We're paying for the sins of that in Unix these days, the kernel attack surface is in-feasibly large to remediate to correctness anytime soon (if ever?).


I think there is still more to it that just not taking it seriously or planning for it.

JWT in particular has the weird quirks you need to know to prevent encryption swapping attacks, and I'm sure there's more traps I myself am not aware of. At this point I think security can be seen on the same plan as legal: assuming a random dev will be able to plan and navigate out all the issues by sheer common sense hasn't been a viable approach for long now.


> At this point I think security can be seen on the same plan as legal:...

Considering how Uber ignored legal ramifications of ride sharing intersecting with incumbent regulations until they were dragged into courts, that paints a potentially rather grim picture of the equivalent in software security. But your gist sounds more along the lines of, "include the experts along at the beginning of the ride".

When I said security as a "bolt-on", I should have been more clear. Most of the time when I see it happening, it has been at the behest of the business stakeholders overriding the earnest developers trying to include the security teams from the beginning, but waved off with "it can be added later".

The business stakeholders see in their real life housing contractors walk into finished houses, attach some doodads, pop in some batteries to wireless sensors and the central base station, and ta da!, they "have security"! And think, "just how hard can it be to do the same in software?", dismissing what their tech leads try to tell them.

There is a large element of the principal-agent problem here as well. Shiny proofs of concepts and shallow implementations get immediate bonuses and promotions. Taking 1.1-2.0X as long to implement the right way, the result of which is no drama and no discernible difference to the casual business user, get no or even negative recognition. The incentives structure the choices. There are no incentives that structure payouts over the long-haul tying back to original historical choices, with an increasing gradient of the payout the longer the original choices prove sound. Naturally, since measuring that accurately would be impossible.

The closest I've come to an analogy that works in these discussions but not as often as I'd like is this. I don't throw together four tilt-walls, top off with a roof, move in with a 20-ton safe, open the doors for business and call it a regional bank depository. There are bedrock anchors, sensors, inner reinforced concrete walls, SOP's, audits, man traps, insurance reviews, and on and on, that get designed in before the foundation is even poured.

Clients who didn't find this convincing wave it off with a, "haha, this isn't that important lol". I want a better analogy.


That's an interesting angle. Uber ignoring legal ramifications had wildly different effects depending on the countries, some completely shutting out Uber as a result, and more lax places accepted dealing with the consequences that surfaced one after the other.

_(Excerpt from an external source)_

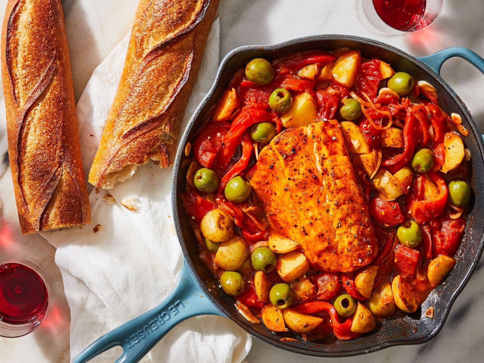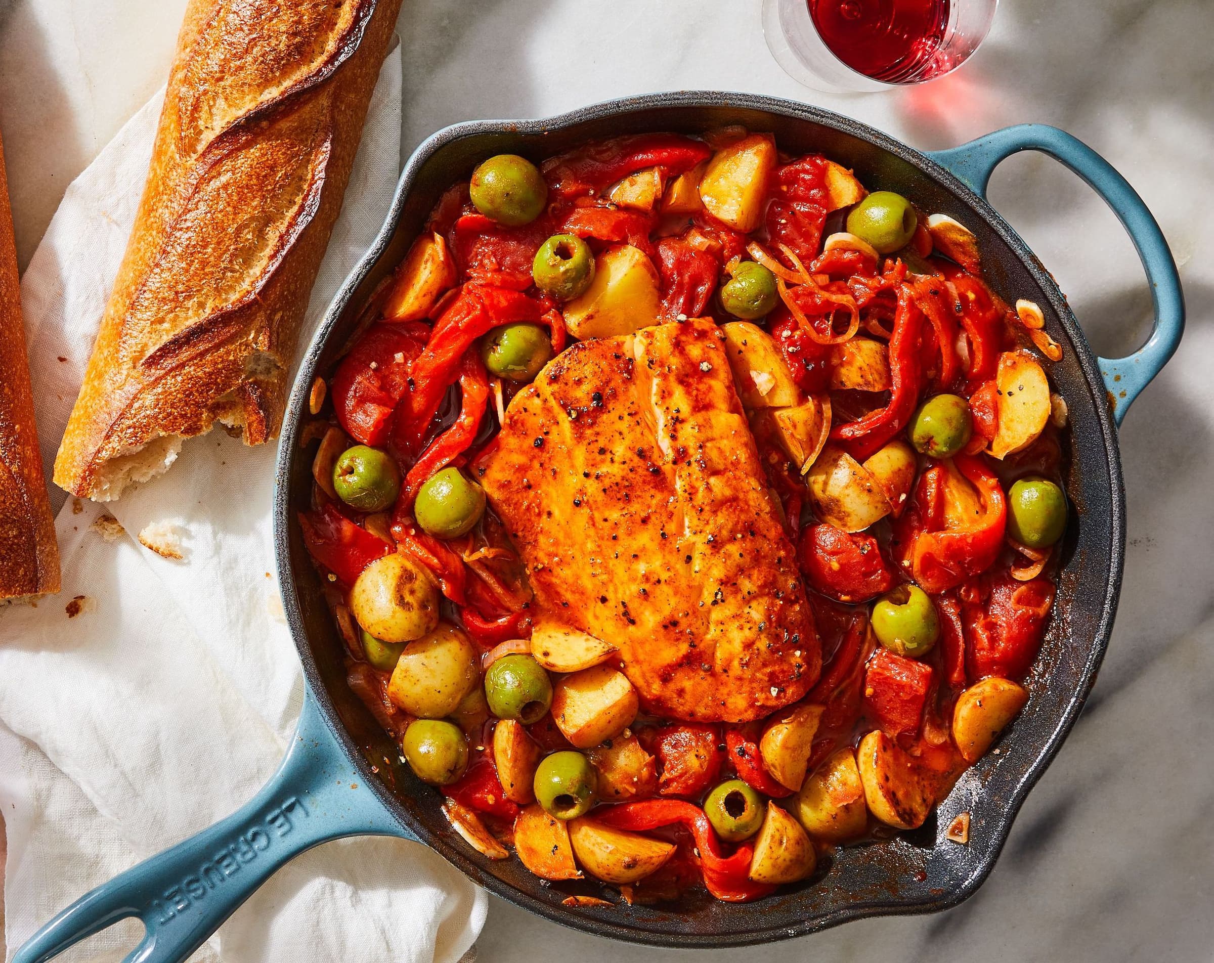 This Spanish dish, called ajoarriero, typically uses salt cod (bacalao), which needs to be soaked overnight to soften and remove the salt. We’re using lingcod along with the classic tomato, olives, roasted peppers, and potatoes, but any firm white fish like rockfish, cod, or halibut will do.

I'm in a country from the former block, and see a bunch of naive projects pitched by the business side that gets shut down pretty fast by the legal team as nightmares in the making (e.g. stuff that boils down to "shouldn't it be easier to take money from a variety of sources and move it to other users ?") that would sink the whole company when shit hits the fan.

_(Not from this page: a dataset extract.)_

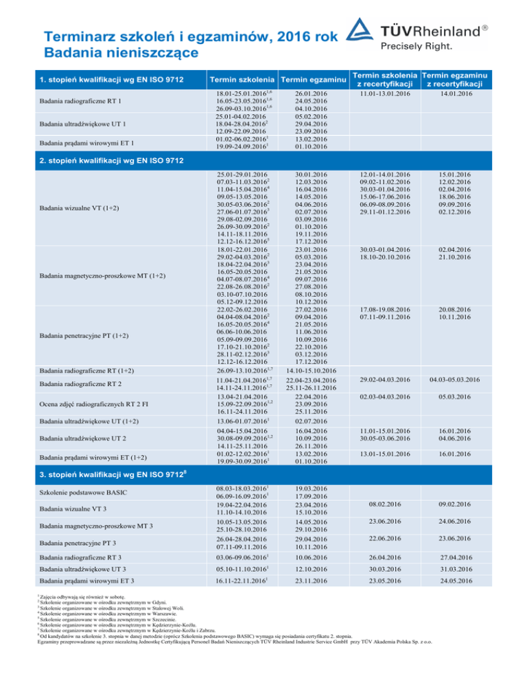 Terminarz szkoleń i egzaminów, 2016 rok Badania nieniszczące 1. stopień kwalifikacji wg EN ISO 9712 Termin szkolenia Termin egzaminu Termin szkolenia Termin egzaminu z recertyfikacji z recertyfikacji 18.01-25.01.20161,6 16.05-23.05.20161,6 26.09-03.10.20161,6 25.01-04.02.2016 18.04-28.04.20162 12.09-22.09.2016 01.02-06.02.20161 19.09-24.09.20161 26.01.2016 24.05.2016 04.10.2016 05.02.2016 29.04.2016 23.09.2016 13.02.2016 01.10.2016 11.01-13.01.2016 14.01.2016 25.01-29.01.2016 07.03-11.03.20162 11.04-15.04.20164 09.05-13.05.2016 30.05-03.06.20162 27.06-01.07.20163 29.08-02.09.2016 26.09-30.09.20162 14.11-18.11.2016 12.12-16.12.20165 18.01-22.01.2016 29.02-04.03.20162 18.04-22.04.20163 16.05-20.05.2016 04.07-08.07.20164 22.08-26.08.20162 03.10-07.10.2016 05.12-09.12.2016 22.02-26.02.2016 04.04-08.04.20162 16.05-20.05.20164 06.06-10.06.2016 05.09-09.09.2016 17.10-21.10.20162 28.11-02.12.20163 12.12-16.12.2016 26.09-13.10.20161,7 11.04-21.04.20161,7 14.11-24.11.20161,7 13.04-21.04.2016 15.09-22.09.20161,2 16.11-24.11.2016 30.01.2016 12.03.2016 16.04.2016 14.05.2016 04.06.2016 02.07.2016 03.09.2016 01.10.2016 19.11.2016 17.12.2016 23.01.2016 05.03.2016 23.04.2016 21.05.2016 09.07.2016 27.08.2016 08.10.2016 10.12.2016 27.02.2016 09.04.2016 21.05.2016 11.06.2016 10.09.2016 22.10.2016 03.12.2016 17.12.2016 14.10-15.10.2016 22.04-23.04.2016 25.11-26.11.2016 22.04.2016 23.09.2016 25.11.2016 12.01-14.01.2016 09.02-11.02.2016 30.03-01.04.2016 15.06-17.06.2016 06.09-08.09.2016 29.11-01.12.2016 15.01.2016 12.02.2016 02.04.2016 18.06.2016 09.09.2016 02.12.2016 30.03-01.04.2016 18.10-20.10.2016 02.04.2016 21.10.2016 17.08-19.08.2016 07.11-09.11.2016 20.08.2016 10.11.2016 29.02-04.03.2016 04.03-05.03.2016 02.03-04.03.2016 05.03.2016 13.06-01.07.20161 02.07.2016 04.04-15.04.2016 30.08-09.09.20161,2 14.11-25.11.2016 01.02-12.02.20161 19.09-30.09.20161 16.04.2016 10.09.2016 26.11.2016 13.02.2016 01.10.2016 11.01-15.01.2016 30.05-03.06.2016 16.01.2016 04.06.2016 13.01-15.01.2016 16.01.2016 08.03-18.03.20161 06.09-16.09.20161 19.04-22.04.2016 11.10-14.10.2016 10.05-13.05.2016 25.10-28.10.2016 26.04-28.04.2016 07.11-09.11.2016 19.03.2016 17.09.2016 23.04.2016 15.10.2016 14.05.2016 29.10.2016 29.04.2016 10.11.2016 08.02.2016 09.02.2016 23.06.2016 24.06.2016 22.06.2016 23.06.2016 03.06-09.06.20161 10.06.2016 26.04.2016 27.04.2016 Badania ultradźwiękowe UT 3 05.10-11.10.2016 1 12.10.2016 30.03.2016 31.03.2016 Badania prądami wirowymi ET 3 16.11-22.11.20161 23.11.2016 23.05.2016 24.05.2016 Badania radiograficzne RT 1 Badania ultradźwiękowe UT 1 Badania prądami wirowymi ET 1 2. stopień kwalifikacji wg EN ISO 9712 Badania wizualne VT (1+2) Badania magnetyczno-proszkowe MT (1+2) Badania penetracyjne PT (1+2) Badania radiograficzne RT (1+2) Badania radiograficzne RT 2 Ocena zdjęć radiograficznych RT 2 FI Badania ultradźwiękowe UT (1+2) Badania ultradźwiękowe UT 2 Badania prądami wirowymi ET (1+2) 3. stopień kwalifikacji wg EN ISO 9712 Szkolenie podstawowe BASIC Badania wizualne VT 3 Badania magnetyczno-proszkowe MT 3 Badania penetracyjne PT 3 Badania radiograficzne RT 3 1 8 Zajęcia odbywają się również w sobotę. Szkolenie organizowane w ośrodku zewnętrznym w Gdyni. Szkolenie organizowane w ośrodku zewnętrznym w Stalowej Woli. 4 Szkolenie organizowane w ośrodku zewnętrznym w Warszawie. 5 Szkolenie organizowane w ośrodku zewnętrznym w Szczecinie. 6 Szkolenie organizowane w ośrodku zewnętrznym w Kędzierzynie-Koźlu. 7 Szkolenie organizowane w ośrodku zewnętrznym w Kędzierzynie-Koźlu i Zabrzu. 8 Od kandydatów na szkolenie 3. stopnia w danej metodzie (oprócz Szkolenia podstawowego BASIC) wymaga się posiadania certyfikatu 2. stopnia. Egzaminy przeprowadzane są przez niezależną Jednostkę Certyfikującą Personel Badań Nieniszczących TÜV Rheinland Industrie Service GmbH przy TÜV Akademia Polska Sp. z o.o. 2 3 Cennik szkoleń i egzaminów, 2016 rok Badania nieniszczące 1. stopień kwalifikacji wg EN ISO 9712 Czas szkolenia Cena szkolenia netto* Cena egzaminu netto* Badania radiograficzne RT 1 56 godz. 3175 1750 Badania ultradźwiękowe UT 1 72 godz. 3575 1750 Badania prądami wirowymi ET 1 48 godz. 3850 1850 Badania wizualne VT (1+2) 40 godz. 2650 1550 Recertyfikacja VT 2 24 godz. 1350 1050 Badania magnetyczno-proszkowe MT (1+2) 40 godz. 2650 1550 Recertyfikacja MT 2 24 godz. 1350 1050 Badania penetracyjne PT (1+2) 40 godz. 2650 1550 Recertyfikacja PT 2 24 godz. 1350 1050 Badania radiograficzne RT (1+2) 157 godz. 6750 1750 Badania radiograficzne RT 2 80 godz. 3950 1750 Recertyfikacja RT 2 40 godz. 2350 1250 Ocena zdjęć radiograficznych RT 2 FI 56 godz. 2700 1650 Recertyfikacja RT 2 FI 40 godz. 1700 1050 Badania ultradźwiękowe UT (1+2) 144 godz. 6350 2. stopień kwalifikacji wg EN ISO 9712 1 1750 2 Badania ultradźwiękowe UT 2 80 godz. 4400 /4800 1750 Recertyfikacja UT 2 40 godz. 2350 1250 Badania prądami wirowymi ET (1+2) 88 godz. 4900 1850 Recertyfikacja ET 2 24 godz. 1500 1250 3. stopień kwalifikacji wg EN ISO 9712 Szkolenie podstawowe BASIC 80 godz. 58003 15004 Badania wizualne VT 3 32 godz. 44503 17504 Recertyfikacja VT 3 8 godz. 750 1250 Badania magnetyczno-proszkowe MT 3 32 godz. 4450 Recertyfikacja MT 3 8 godz. 750 Badania penetracyjne PT 3 24 godz. 4350 3 17504 1250 3 17504 Recertyfikacja PT 3 8 godz. 750 1250 Badania radiograficzne RT 3 50 godz. 65003 17504 Recertyfikacja RT 3 8 godz. 750 1250 Badania ultradźwiękowe UT 3 50 godz. 7000 Recertyfikacja UT 3 8 godz. 750 Badania prądami wirowymi ET 3 48 godz. 6750 Recertyfikacja ET 3 8 godz. 750 3 1250 3 1 Cena szkolenia z wykorzystaniem własnego sprzętu. Cena szkolenia z wykorzystaniem sprzętu TÜV Akademia Polska Sp. z o.o. Cena obejmuje zakwaterowanie i pełne wyżywienie w czasie szkolenia. 4 Cena obejmuje zakwaterowanie i pełne wyżywienie w czasie egzaminu oraz przeprowadzenie certyfikacji. *Do ceny należy doliczyć 23% podatku VAT. 2 3 Szkolenia Personelu Badań Nieniszczących ul. Wolności 327 41-8

My hopes would be on more security issues slowly becoming legal issues (not unlike GDPR, breach disclosure duty and associated penalties etc.) but I can understand how dire it feels in countries where legal grounds were shaky in the first place.


That's how a software implementation by a newbie works. You can't expect a newbie to take security into account before the software is implemented. Instead, there should be a custom to rectify all the security errors in the end before the software is pushed to the server.

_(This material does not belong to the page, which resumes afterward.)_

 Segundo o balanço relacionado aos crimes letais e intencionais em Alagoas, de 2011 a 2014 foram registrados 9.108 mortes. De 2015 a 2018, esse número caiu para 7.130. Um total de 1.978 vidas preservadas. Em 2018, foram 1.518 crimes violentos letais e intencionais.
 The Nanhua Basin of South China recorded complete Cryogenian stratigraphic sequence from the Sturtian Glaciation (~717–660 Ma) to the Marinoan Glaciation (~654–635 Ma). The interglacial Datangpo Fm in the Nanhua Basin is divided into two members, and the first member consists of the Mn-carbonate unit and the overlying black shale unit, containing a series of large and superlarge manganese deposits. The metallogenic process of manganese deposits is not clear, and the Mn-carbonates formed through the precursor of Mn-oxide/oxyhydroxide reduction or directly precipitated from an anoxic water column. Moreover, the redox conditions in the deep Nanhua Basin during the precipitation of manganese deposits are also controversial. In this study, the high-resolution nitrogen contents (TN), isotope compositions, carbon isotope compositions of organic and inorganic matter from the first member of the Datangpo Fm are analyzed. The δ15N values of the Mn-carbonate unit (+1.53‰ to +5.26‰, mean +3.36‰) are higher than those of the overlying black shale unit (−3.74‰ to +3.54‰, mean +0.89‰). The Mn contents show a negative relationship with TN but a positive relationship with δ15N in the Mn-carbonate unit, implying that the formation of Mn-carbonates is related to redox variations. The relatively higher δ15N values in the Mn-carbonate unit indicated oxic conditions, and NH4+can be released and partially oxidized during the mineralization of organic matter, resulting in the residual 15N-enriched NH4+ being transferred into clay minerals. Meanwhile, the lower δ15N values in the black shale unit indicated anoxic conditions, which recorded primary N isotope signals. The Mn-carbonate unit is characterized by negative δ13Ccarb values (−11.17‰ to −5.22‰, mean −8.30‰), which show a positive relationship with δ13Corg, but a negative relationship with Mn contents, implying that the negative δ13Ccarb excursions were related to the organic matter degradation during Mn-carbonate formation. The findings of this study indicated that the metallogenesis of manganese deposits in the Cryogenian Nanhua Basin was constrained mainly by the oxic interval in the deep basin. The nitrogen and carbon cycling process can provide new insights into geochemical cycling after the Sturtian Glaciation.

That’s an almost impossible task. Code gets immensely more expensive to understand or modify based on its age. If you don’t bother thinking about security until the 11th hour, it’s too late. Things will slip through.


This is an interesting write up!

The only question I have is around your point on monorepos - every monorepo I’ve seen has been a discoverability nightmare with bespoke configurations and archaic incantations (and sometimes installing Java!) necessary to even figure out what plugs in to what.

How do you reason about a mono repo with new eyeballs? Do you get read in on things from an existing engineer? I struggle to understand how they’d make the job of auditing a software stack easier, except for maybe 3rd party dependency versions if they’re pulled in and shared.


Monorepos do require upkeep beyond that of single-product repositories. You need some form of discipline for how code is organized (is it by Java package? by product? etc). You need to decide how ownership works. You need to decide on (and implement) a common way to set up local environments. Crucially, you need to reevaluate all these decisions periodically and make changes.

On the other hand... this is all work you'd have to do anyways with multiple repositories. In the multi-repo scenario, it's even tougher to coordinate the dev environment, ownership, and organization principles - but the work isn't immediately obvious on checkout, so people don't always consider it.

Regarding auditing, I have always found that having all the code in one place is tremendously useful in terms of discoverability! Want to know where that class comes from? Guaranteed if it's not third-party, you know where it is.

Not to minimize the pain of poorly-managed monorepos - it's not a one-size-fits-all solution, and can definitely go sideways if left untended.


Probably because:

1) It's easy to miss a repo, if you don't have a list of them all somewhere.

2) It's easy to get out of sync with what version of your software corresponds to what branch/tag in each repo.


> 2) It's easy to get out of sync with what version of software corresponds to what branch/tag in each repo.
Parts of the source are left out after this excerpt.